**Exercise:**
Starting from the top of the entries below and ending with the line containing "De woonkamer is", restate every line word for word, pictures omitted.

[Data items]

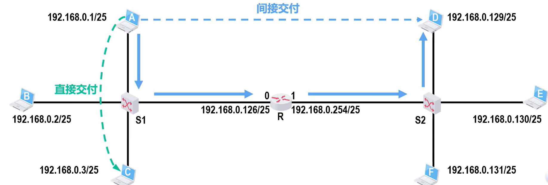 c) 为IP包重新封装新的帧头(更新源和目标MAC地址为当前路由器与下一跳设备的地址),然后转发。 - 此过程在多个路由器间重复,直至数据包到达目标网络。
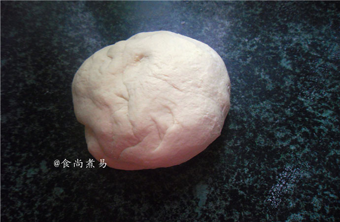 3.將面團在案板上揉幾遍,再次放入盆中,蓋上保鮮膜靜置餳發30分鐘左右;
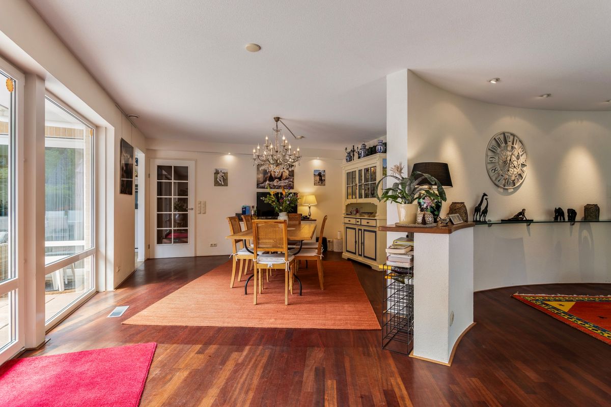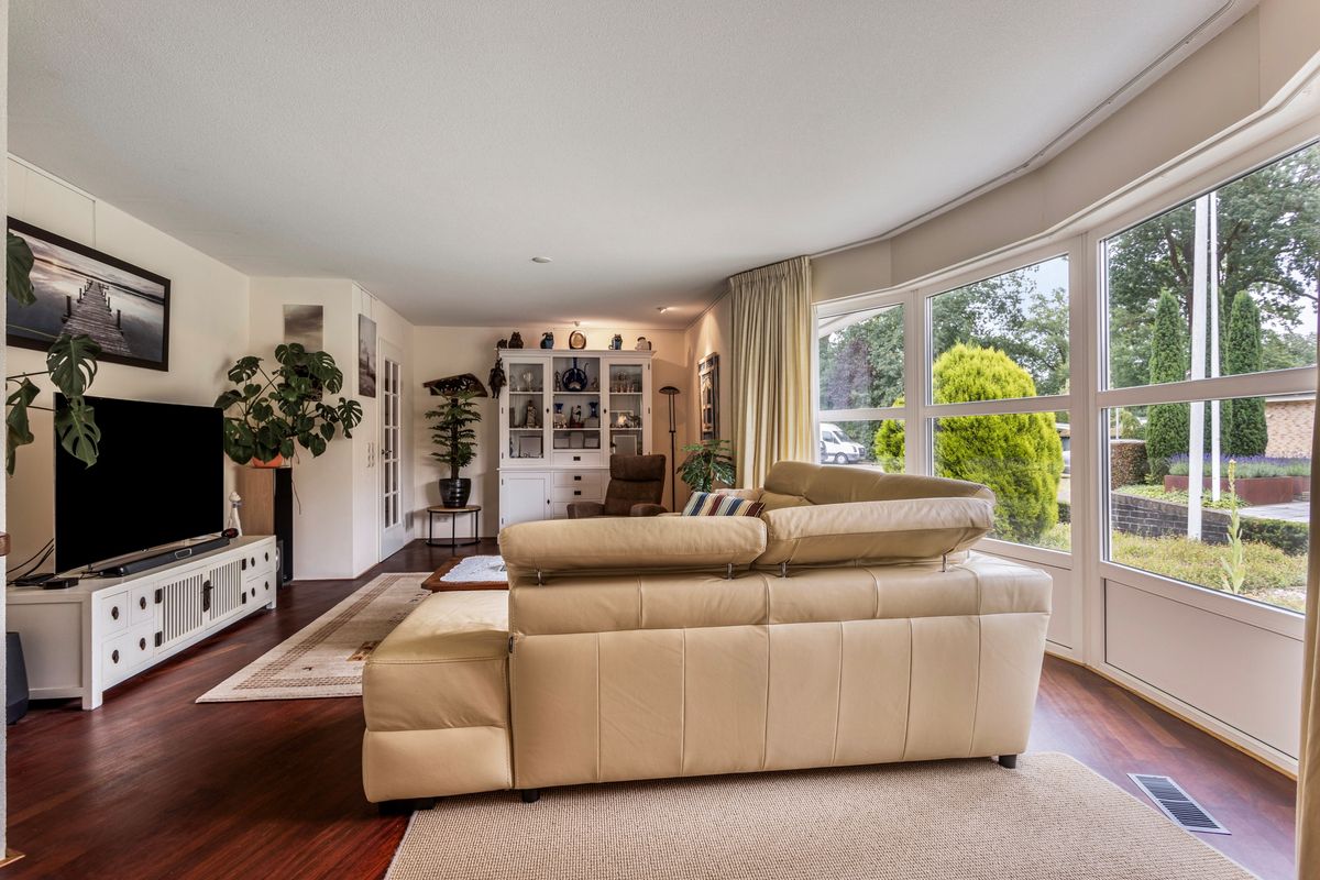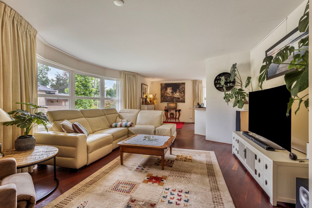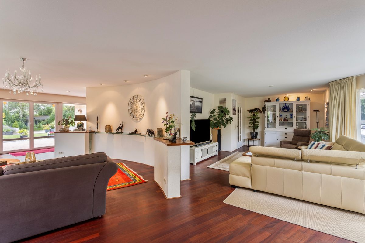 De woonkamer is speels ingedeeld met twee leuke zitjes. Vooral de rondingen in de gevels maken deze ruimte bijzonder. Bovendien heeft u vanuit deze zitjes ook prachtig zicht op de tuin.
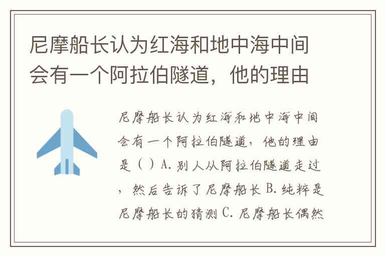 尼摩船长认为红海和地中海中间会有一个阿拉伯隧道,他的理由是()A.别人从阿拉伯隧道走过,然后告诉了尼摩船长 B.纯粹是尼摩船长的猜测 C.尼摩船长偶然发现的 D.尼摩船长根据一些生物学现象进行了推理,继而进行了试验,证明了隧道的存在
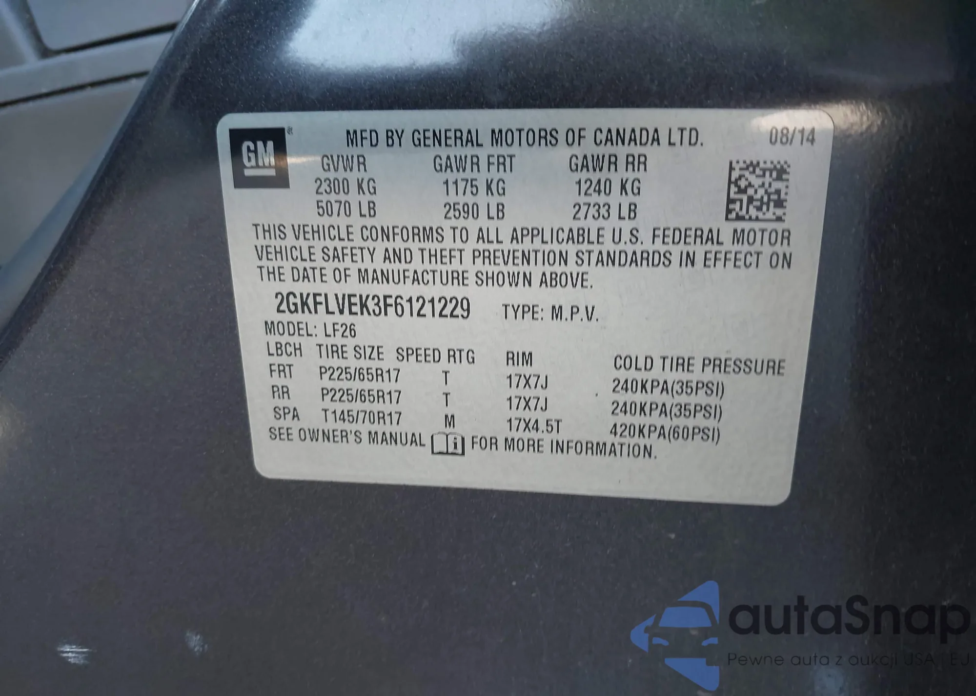 • VIN 2GKFLVEK3F6121229
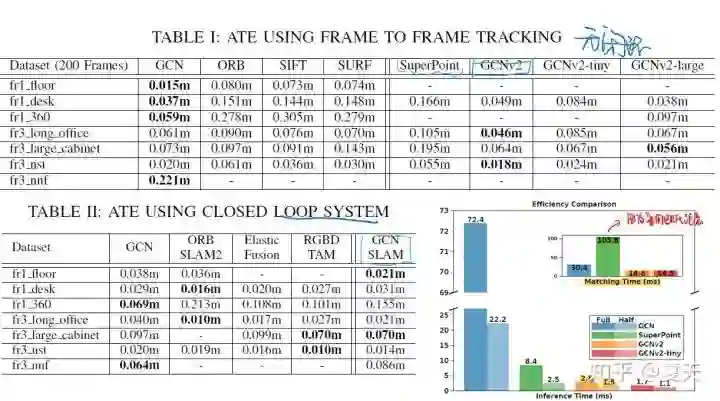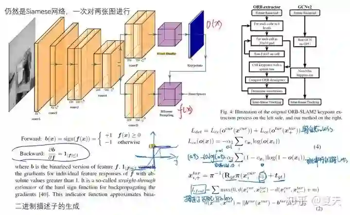 在V2版本中借鉴SuperPoint思想,简化网络结构,并构建与ORBSLAM2相同的二进制描述子来加速匹配,并结合ORBSLAM2,替换掉特征提取部分,构建了TX2上实时的GCNv2-SLAM.
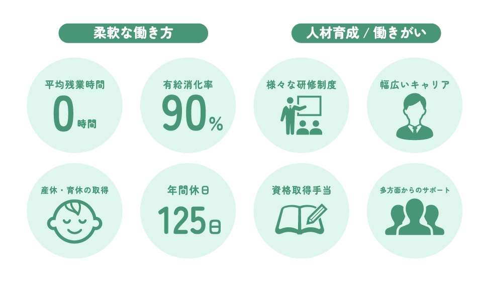 評価制度も整っているので、バリバリ働きたい人もマイペースに働きたい人も、どちらも自分に合ったスタイルを選べます。
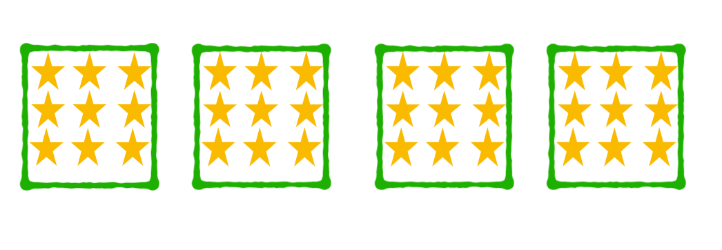 Or with Arrays, by drawing 4 boxes and adding a shape to each one until reaching 36 (9 stars in each box)
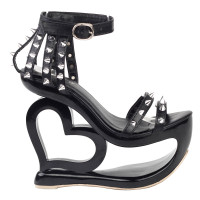 Punk Black Spikes Strappy Heart Heel Wedge Evening Sandals
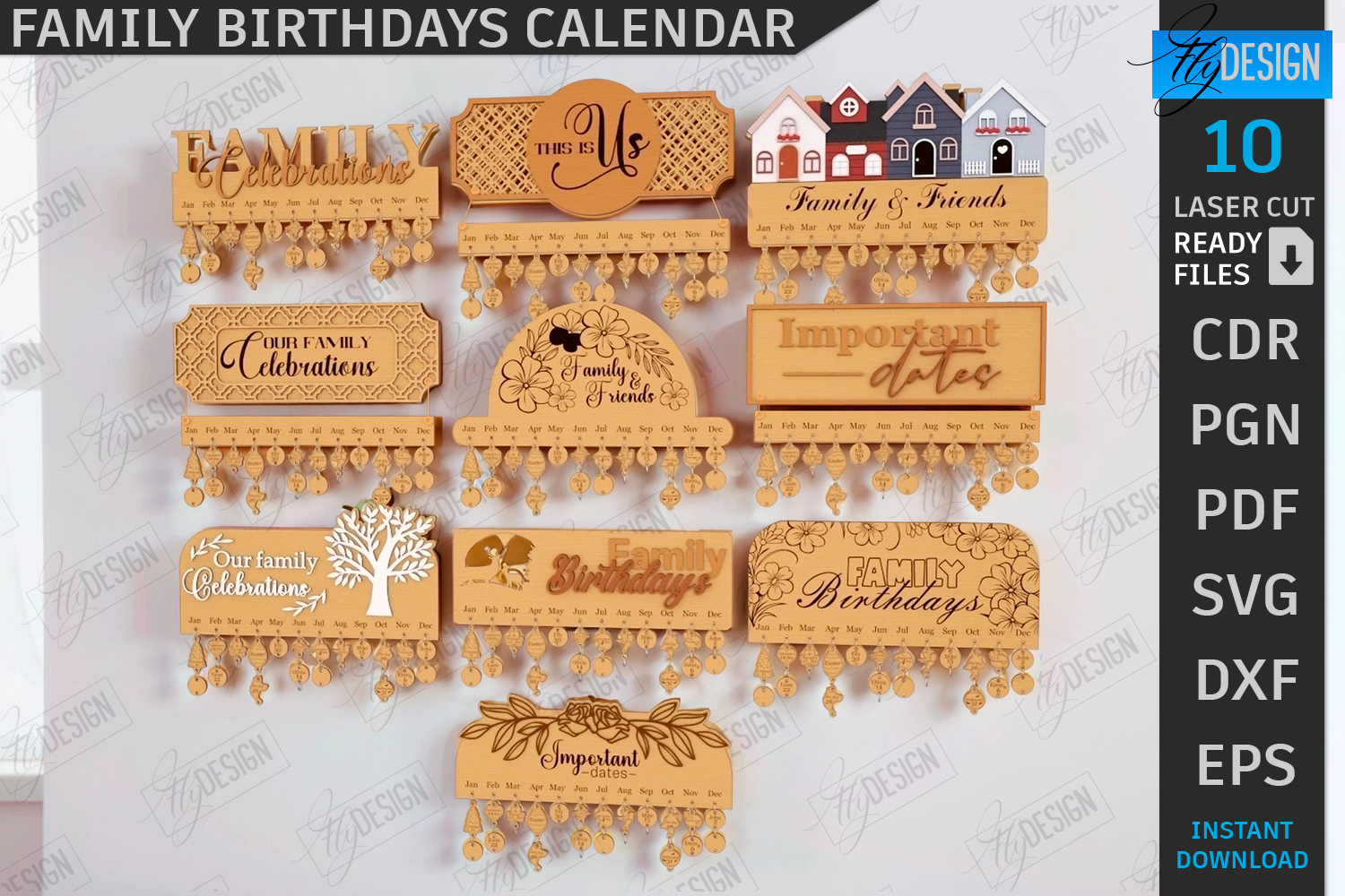 Family Birthday Calendar Laser Cut Bundle|Perpetual Calendar
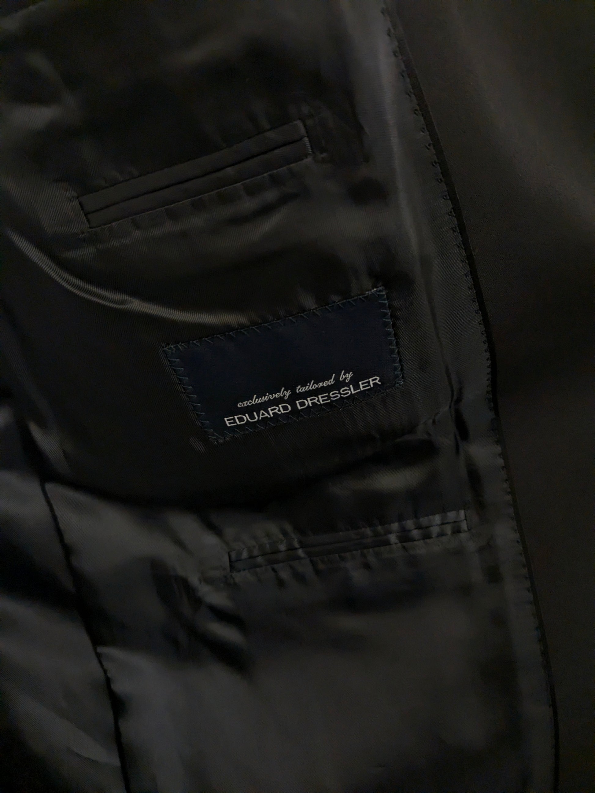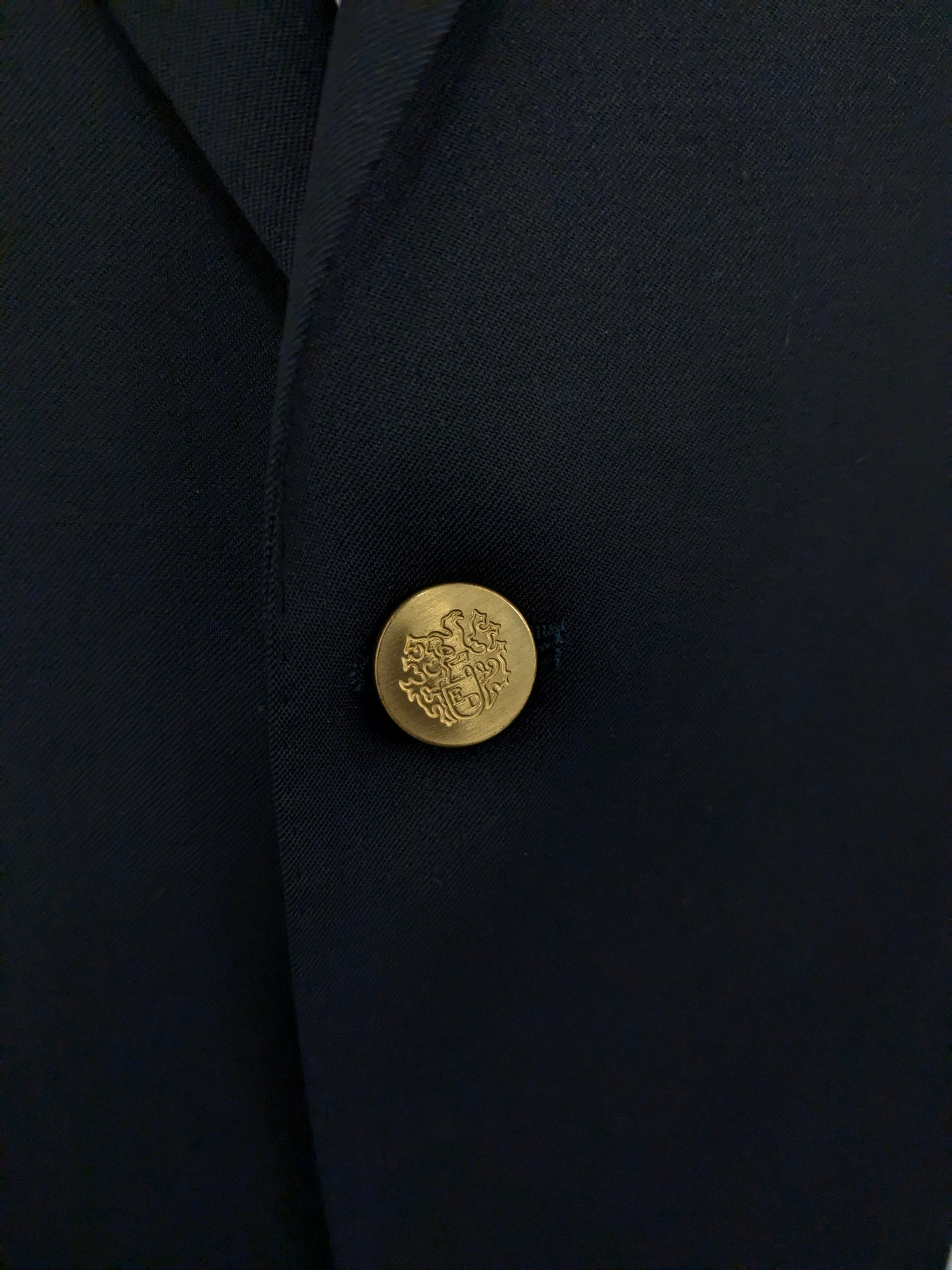 Eduard Dressler Vintage Colbert. Dark blue with gold -colored knots. Size 26 (52 / L).

**Exercise response:**
 c) 为IP包重新封装新的帧头(更新源和目标MAC地址为当前路由器与下一跳设备的地址),然后转发。 - 此过程在多个路由器间重复,直至数据包到达目标网络。
 3.將面團在案板上揉幾遍,再次放入盆中,蓋上保鮮膜靜置餳發30分鐘左右;
 De woonkamer is speels ingedeeld met twee leuke zitjes. Vooral de rondingen in de gevels maken deze ruimte bijzonder. Bovendien heeft u vanuit deze zitjes ook prachtig zicht op de tuin.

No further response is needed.